WORK TO BE COMPLETED
Set down the data below in full, exactly as it reads, but without the pictures.

INPUT FOR THIS TASK

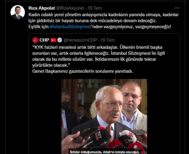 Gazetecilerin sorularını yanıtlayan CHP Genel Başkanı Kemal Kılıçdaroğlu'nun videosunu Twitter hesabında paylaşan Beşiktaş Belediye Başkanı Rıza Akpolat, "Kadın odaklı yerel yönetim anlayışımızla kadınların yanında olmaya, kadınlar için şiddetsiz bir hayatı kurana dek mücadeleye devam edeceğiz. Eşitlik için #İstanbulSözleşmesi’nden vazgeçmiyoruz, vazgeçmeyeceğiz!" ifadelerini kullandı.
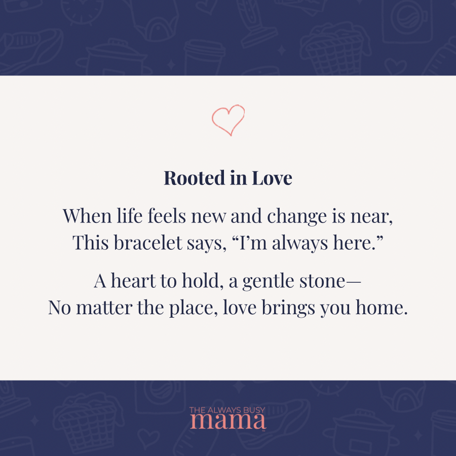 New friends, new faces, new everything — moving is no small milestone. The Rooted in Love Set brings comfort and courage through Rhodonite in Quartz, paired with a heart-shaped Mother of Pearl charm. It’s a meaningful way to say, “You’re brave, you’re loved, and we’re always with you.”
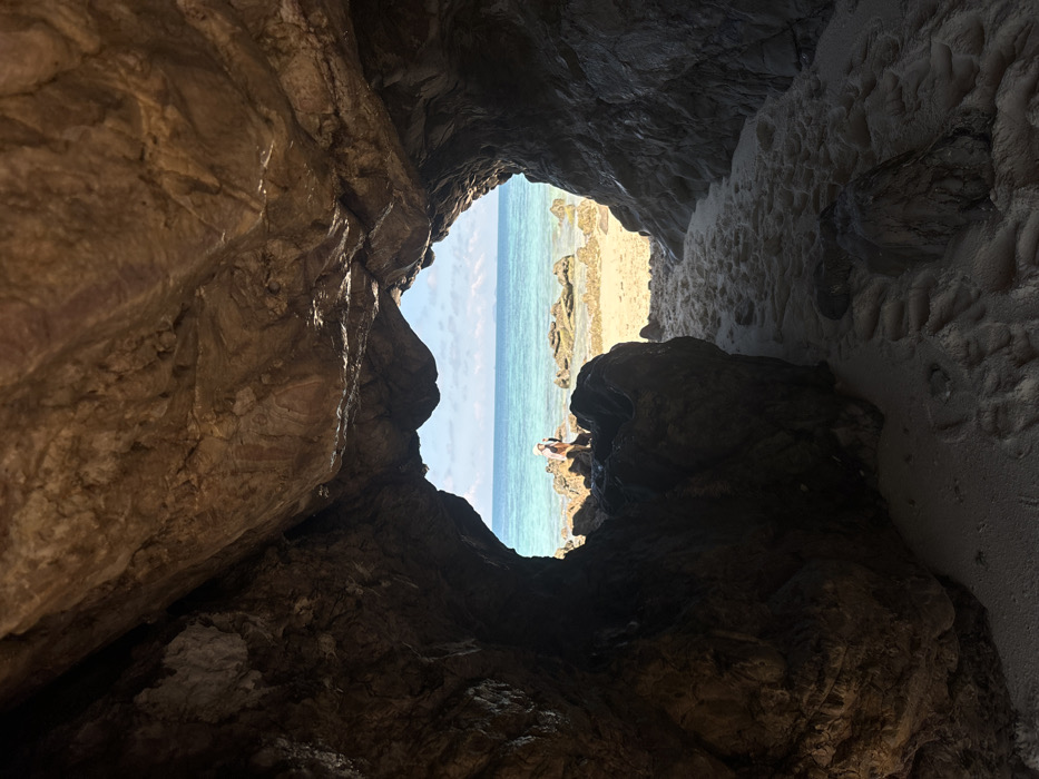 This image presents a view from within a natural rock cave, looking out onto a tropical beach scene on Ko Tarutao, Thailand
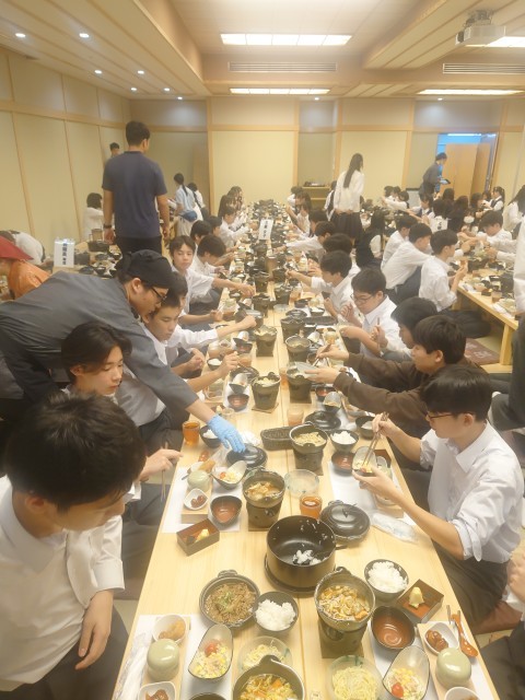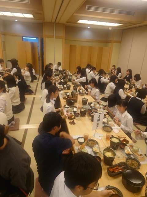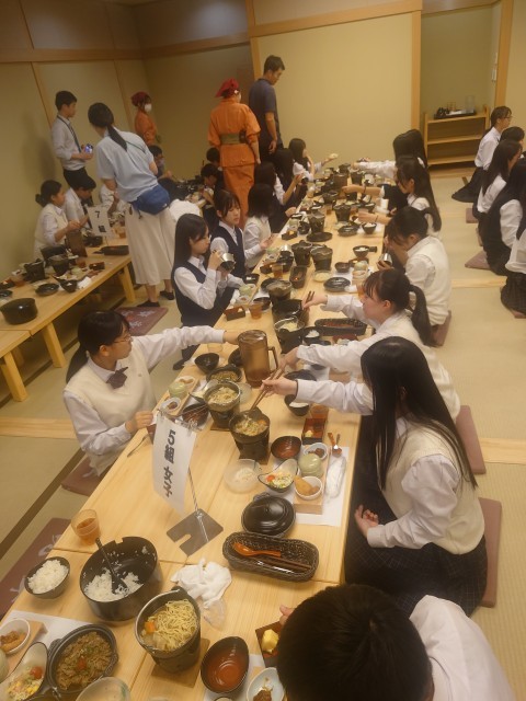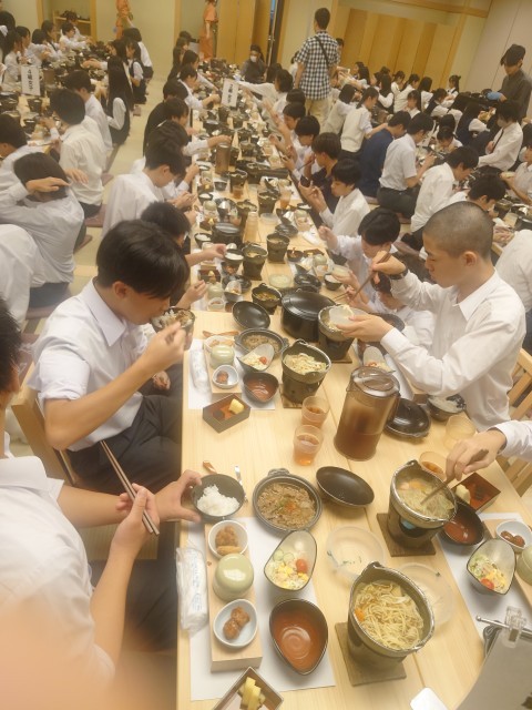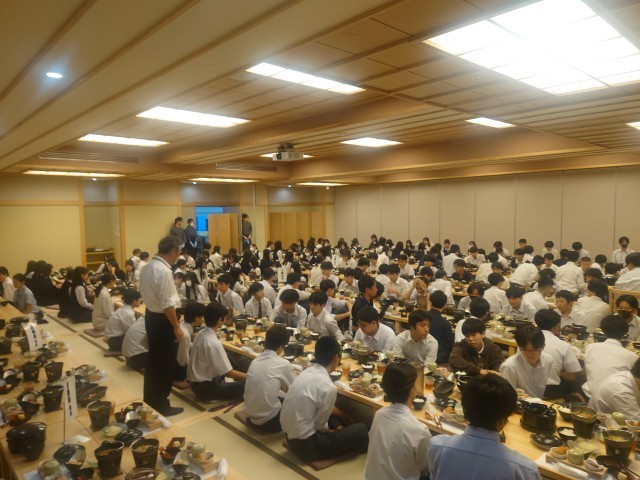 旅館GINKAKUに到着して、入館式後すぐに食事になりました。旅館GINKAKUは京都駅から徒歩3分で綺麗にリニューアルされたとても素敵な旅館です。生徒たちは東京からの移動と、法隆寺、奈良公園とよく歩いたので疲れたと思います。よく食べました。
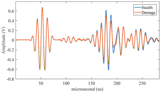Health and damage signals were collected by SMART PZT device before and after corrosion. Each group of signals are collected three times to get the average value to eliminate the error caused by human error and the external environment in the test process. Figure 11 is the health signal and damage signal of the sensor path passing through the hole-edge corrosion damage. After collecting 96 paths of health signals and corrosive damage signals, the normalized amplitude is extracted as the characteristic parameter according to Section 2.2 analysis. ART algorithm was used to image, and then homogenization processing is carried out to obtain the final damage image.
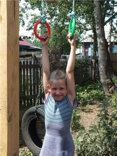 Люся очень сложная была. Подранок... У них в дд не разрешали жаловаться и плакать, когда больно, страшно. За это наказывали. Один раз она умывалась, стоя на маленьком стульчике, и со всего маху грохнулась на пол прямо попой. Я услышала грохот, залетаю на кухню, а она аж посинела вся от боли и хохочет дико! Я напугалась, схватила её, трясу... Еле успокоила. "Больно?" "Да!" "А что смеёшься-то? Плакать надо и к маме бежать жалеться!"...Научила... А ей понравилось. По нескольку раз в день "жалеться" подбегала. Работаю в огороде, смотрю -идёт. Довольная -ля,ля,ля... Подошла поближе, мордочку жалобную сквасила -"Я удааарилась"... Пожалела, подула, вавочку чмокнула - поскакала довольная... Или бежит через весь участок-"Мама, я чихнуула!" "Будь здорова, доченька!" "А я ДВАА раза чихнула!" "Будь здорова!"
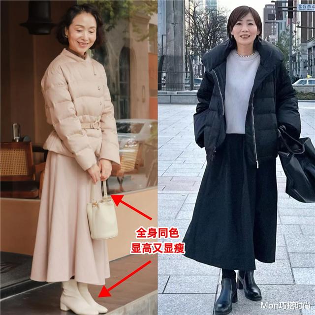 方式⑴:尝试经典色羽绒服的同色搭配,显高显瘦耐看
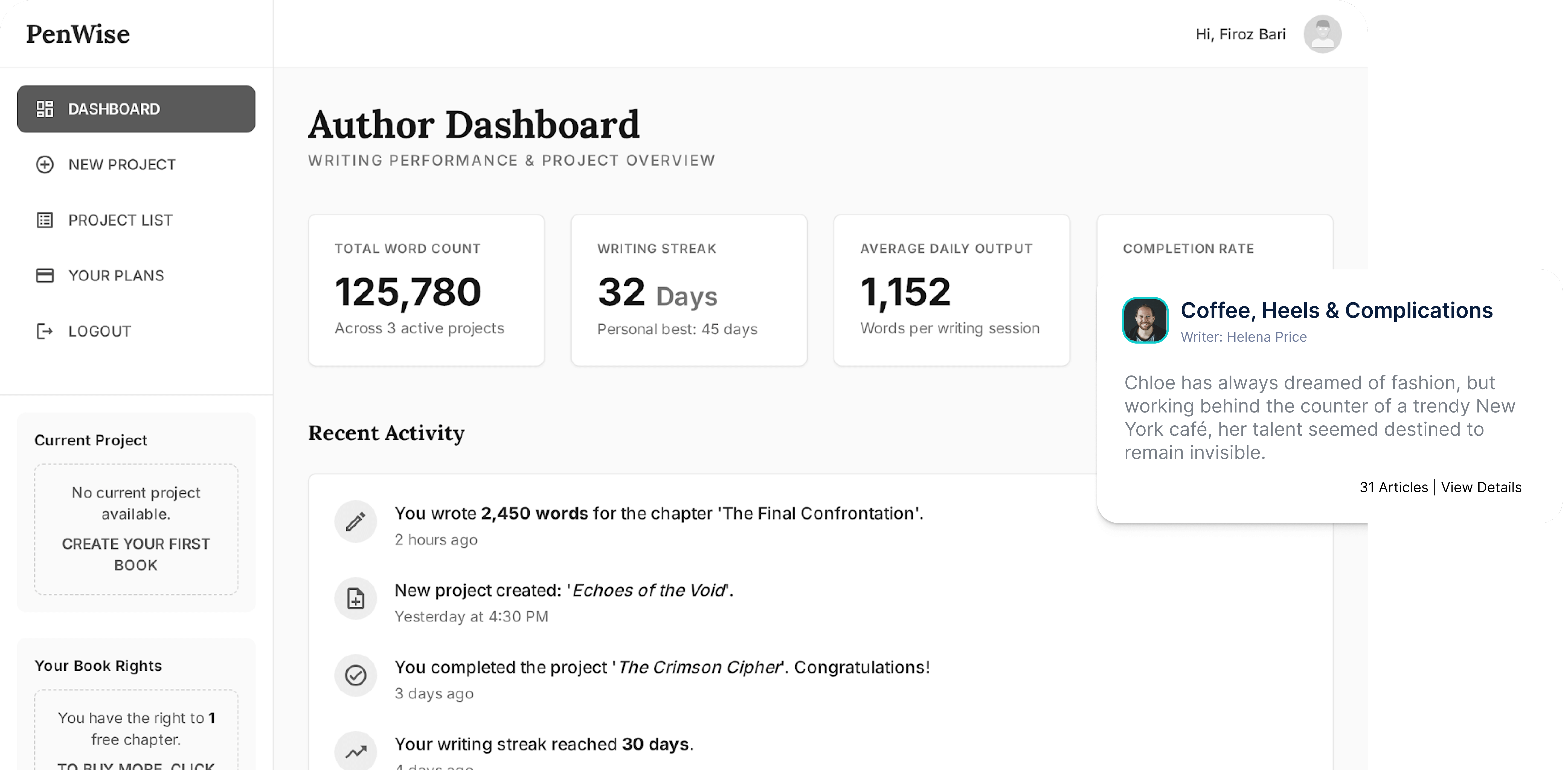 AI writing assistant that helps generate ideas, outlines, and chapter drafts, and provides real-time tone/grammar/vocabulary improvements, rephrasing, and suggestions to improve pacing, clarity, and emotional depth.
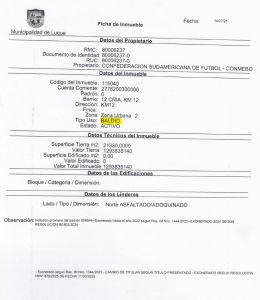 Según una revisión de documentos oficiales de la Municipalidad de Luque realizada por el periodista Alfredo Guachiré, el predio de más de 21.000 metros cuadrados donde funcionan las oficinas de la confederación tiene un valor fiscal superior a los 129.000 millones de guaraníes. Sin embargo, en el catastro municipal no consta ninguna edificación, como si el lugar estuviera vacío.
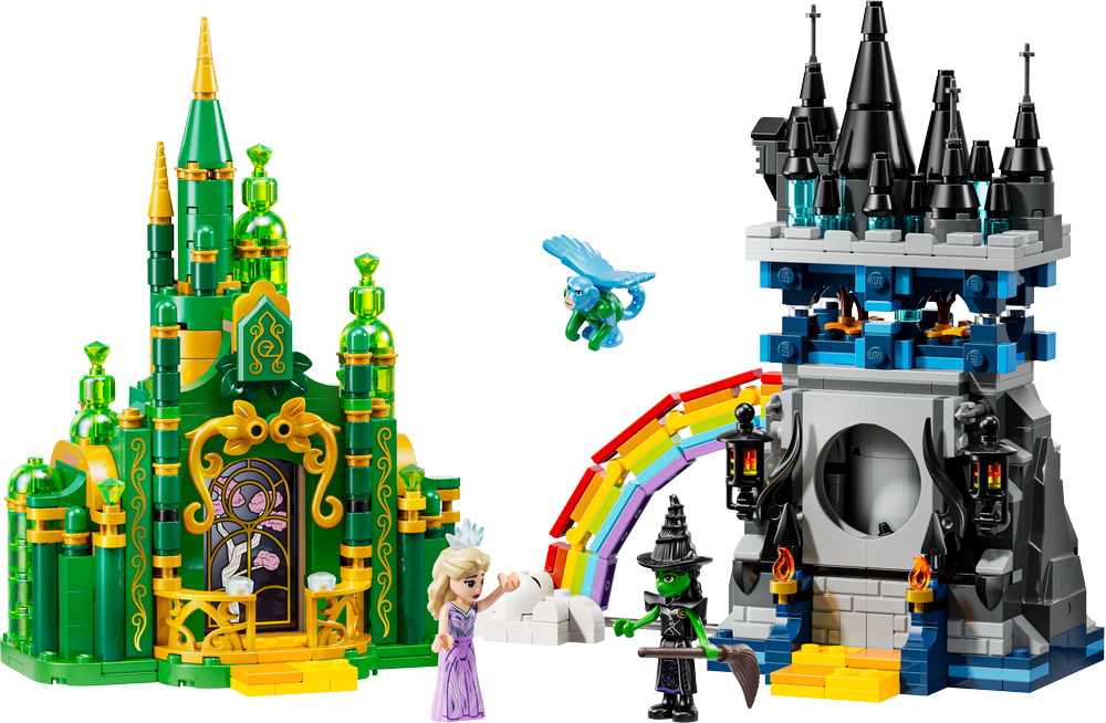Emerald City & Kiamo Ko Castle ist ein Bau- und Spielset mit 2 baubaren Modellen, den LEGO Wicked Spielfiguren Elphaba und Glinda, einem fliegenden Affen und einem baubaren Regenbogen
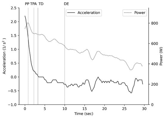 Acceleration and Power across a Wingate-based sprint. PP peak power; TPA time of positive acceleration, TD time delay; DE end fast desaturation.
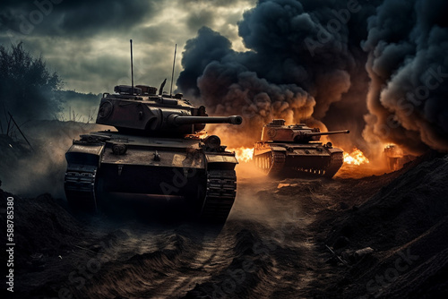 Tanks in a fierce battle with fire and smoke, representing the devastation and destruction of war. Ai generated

RESULT OF THE TASK
 Gazetecilerin sorularını yanıtlayan CHP Genel Başkanı Kemal Kılıçdaroğlu'nun videosunu Twitter hesabında paylaşan Beşiktaş Belediye Başkanı Rıza Akpolat, "Kadın odaklı yerel yönetim anlayışımızla kadınların yanında olmaya, kadınlar için şiddetsiz bir hayatı kurana dek mücadeleye devam edeceğiz. Eşitlik için #İstanbulSözleşmesi’nden vazgeçmiyoruz, vazgeçmeyeceğiz!" ifadelerini kullandı.
 New friends, new faces, new everything — moving is no small milestone. The Rooted in Love Set brings comfort and courage through Rhodonite in Quartz, paired with a heart-shaped Mother of Pearl charm. It’s a meaningful way to say, “You’re brave, you’re loved, and we’re always with you.”
 This image presents a view from within a natural rock cave, looking out onto a tropical beach scene on Ko Tarutao, Thailand
 旅館GINKAKUに到着して、入館式後すぐに食事になりました。旅館GINKAKUは京都駅から徒歩3分で綺麗にリニューアルされたとても素敵な旅館です。生徒たちは東京からの移動と、法隆寺、奈良公園とよく歩いたので疲れたと思います。よく食べました。
Health and damage signals were collected by SMART PZT device before and after corrosion. Each group of signals are collected three times to get the average value to eliminate the error caused by human error and the external environment in the test process. Figure 11 is the health signal and damage signal of the sensor path passing through the hole-edge corrosion damage. After collecting 96 paths of health signals and corrosive damage signals, the normalized amplitude is extracted as the characteristic parameter according to Section 2.2 analysis. ART algorithm was used to image, and then homogenization processing is carried out to obtain the final damage image.
 Люся очень сложная была. Подранок... У них в дд не разрешали жаловаться и плакать, когда больно, страшно. За это наказывали. Один раз она умывалась, стоя на маленьком стульчике, и со всего маху грохнулась на пол прямо попой. Я услышала грохот, залетаю на кухню, а она аж посинела вся от боли и хохочет дико! Я напугалась, схватила её, трясу... Еле успокоила. "Больно?" "Да!" "А что смеёшься-то? Плакать надо и к маме бежать жалеться!"...Научила... А ей понравилось. По нескольку раз в день "жалеться" подбегала. Работаю в огороде, смотрю -идёт. Довольная -ля,ля,ля... Подошла поближе, мордочку жалобную сквасила -"Я удааарилась"... Пожалела, подула, вавочку чмокнула - поскакала довольная... Или бежит через весь участок-"Мама, я чихнуула!" "Будь здорова, доченька!" "А я ДВАА раза чихнула!" "Будь здорова!"
 方式⑴:尝试经典色羽绒服的同色搭配,显高显瘦耐看
 AI writing assistant that helps generate ideas, outlines, and chapter drafts, and provides real-time tone/grammar/vocabulary improvements, rephrasing, and suggestions to improve pacing, clarity, and emotional depth.
 Según una revisión de documentos oficiales de la Municipalidad de Luque realizada por el periodista Alfredo Guachiré, el predio de más de 21.000 metros cuadrados donde funcionan las oficinas de la confederación tiene un valor fiscal superior a los 129.000 millones de guaraníes. Sin embargo, en el catastro municipal no consta ninguna edificación, como si el lugar estuviera vacío.
Emerald City & Kiamo Ko Castle ist ein Bau- und Spielset mit 2 baubaren Modellen, den LEGO Wicked Spielfiguren Elphaba und Glinda, einem fliegenden Affen und einem baubaren Regenbogen
 Acceleration and Power across a Wingate-based sprint. PP peak power; TPA time of positive acceleration, TD time delay; DE end fast desaturation.
 Tanks in a fierce battle with fire and smoke, representing the devastation and destruction of war. Ai generated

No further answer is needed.